Максимальный уровень анализа у ASI, который походит на человеческое мышление. Разумность AGI приближается к среднему уровню мыслительной деятельности человека. ANI – типичный исполнитель, не выходящий за рамки написанных программных задач.
Обучение с цифрами, распознаванием и при неполной информации
Накопление массивного объема данных требует обучения ИИ. Для машинного формата применяют линейную и многофакторную регрессию, опорные векторы, дерево решений с подкатегориями и KNN-соседей. Обучение с последующим подкреплением включает алгоритмы для роботов. Общение с чат-ботом – результат использования трансформеров после обработки языка человека.
Задача NLP – распознавание текста и аудио, перевод и генерирование контента. 6 лет назад программисты Facebook на базе данных Amazon (6 тысяч реальных диалогов) разработали бот, который ничем не отличался от человека, мог торговаться и даже обманывать. Это показывает, что задачи ИИ в маркетинговых схемах и сфере развлечений многообразны:
- в ритейле продумывают алгоритмы проработки акций и предложений покупки;
- в ресторанном бизнесе создают интерьеры и оригинальные меню;
- в игровой отрасли после глубокого обучения разрабатывают идеальный разум, состоящий из руководителя-ИИ и программ-агентов «гибридной архитектуры».
Если анализировать работу ИИ на примере приложения Libratus, то ясно, что оно состоит из нескольких частей. Аналитическая центральная часть взаимодействует со второй, отслеживающей ошибки противников и третьей, анализирующей погрешности в собственных действиях. Это пример, когда на основе неполной информации получают полный исчерпывающий ответ в отраслях кибербезопасности, военного дела и переговорного процесса.
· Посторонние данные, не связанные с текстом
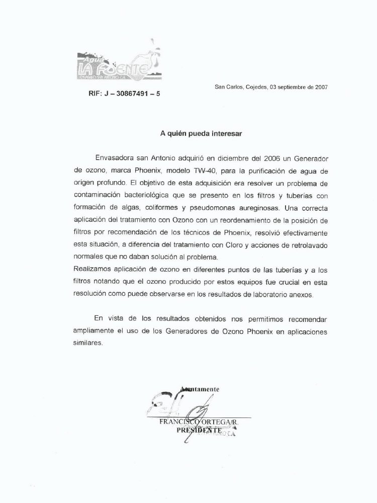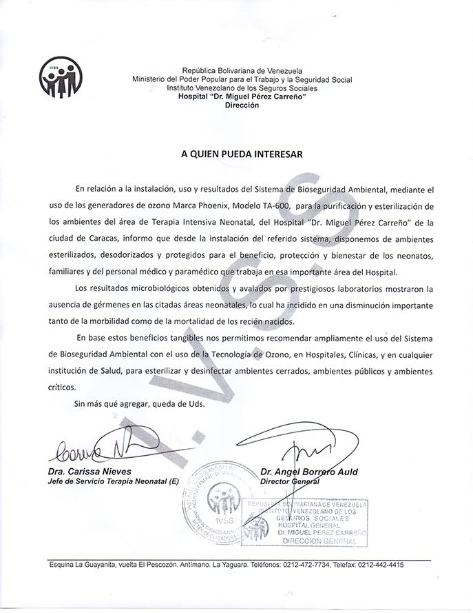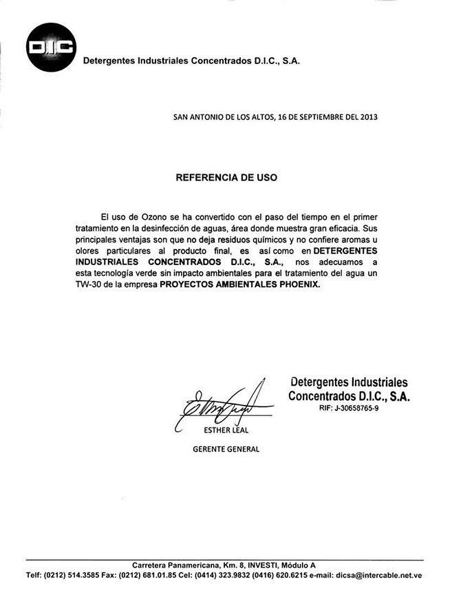 En el año 2011, a raíz del suceso que afectó a cuatro de las toninas que vivían en cautiverio en el Acuario de Valencia – Venezuela, Proyectos Ambientales Phoenix participó en el proyecto de mejora de la calidad del agua de los mamíferos sobrevivientes aportando su tecnología de generadores de ozono. El sistema consistió en filtrar el agua proveniente de Hidrocentro, incrementó de la tasa de recirculación del agua de las piscinas a través de los filtros y la inyección de ozono en línea a fin de reducir la materia orgánica y desinfectar el agua.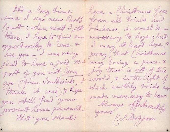 Lettre familiale à la soeur cadette de Carroll qui s'enquiert de ses nouvelles et lui promet de venir passer la voir la prochaine fois qu'il passe près de chez elle. Un de ses grands amis, Mr Shute, bon artiste qui a étudié à l'Ecole d'Art de Slade, a fait un livre intelligent dont il lui enverra une copie. Il espère qu'elle ne le trouvera pas trop lourd à lire. Il y a longtemps qu'il n'est pas passé près de Earl's Court et espère avoir l'opportunité de venir la voir| It's a long time since I was near Earl's Court| when next I get there, I hope to fine one opportunity to come and see you. I was very glad to have a good report of you not long ago (from Southwick, I think itw as), & hope you & will find your present home pleasant. Il lui adresse de façon émouvante tous ses voeux d'espoir pour Noël loin de toutes inquiétudes| That you should have a Christmas free from all trials and shadow, it could be a mockery to hope| but I may at least hope, I pray that Christmas may bring a peace & joy that is not of this world & in the light of which earthly trials are made more easy to hear (...).

Шаблоны с правильными решениями и работа ChatGPT-3.5
12 лет назад за теорию стабильного распределения экономисты Шепли и Рот получили Нобелевскую премию. Решения математиков подтвердили в IT: приёмы унимодального и бимодального распределения работают при условии набора многомиллиардной базы данных с последующим анализом в виде гистограмм. Разработчики в лабораториях OpenAI и Google, компании Microsoft постоянно контролируют обучение ИИ, отсекая неверные решения и создавая шаблоны на основе правильных. В мире зарегистрировано 60 тысяч IT-компаний по разработке ПО на базе ИИ.
ChatGPT 3 версии использовал всего 175 млрд. источников. Версия 5, которую выпустят к концу 2024 года, будет одновременно генерировать текстовый и аудиовизуальный контент. Количество источников для разработки в 100 раз превышает объём данных ChatGPT-3. Усовершенствованный и мощный вариант будет анализировать данные, работать как основа для чат-бота, генерировать код и выполнять другие функции виртуальных помощников. Пока модель 3.5 работает вот так и допускает ошибки.
ИИ-продукты Google и Microsoft
В числе зарекомендовавших себя ИИ-приложений DALL-E, который генерирует и редактирует изображения, делает коллажи. Whisper – универсальный ИИ-транскрибатор, умеющий распознавать речь и переводить. CLIP – аналог по картинкам и фото. Gym Library и Codex – платформы на основе ИИ для программистов. В списке Google 15 похожих ИИ-приложений и платформ. Правда, в их работе часто встречаются ошибки и погрешности.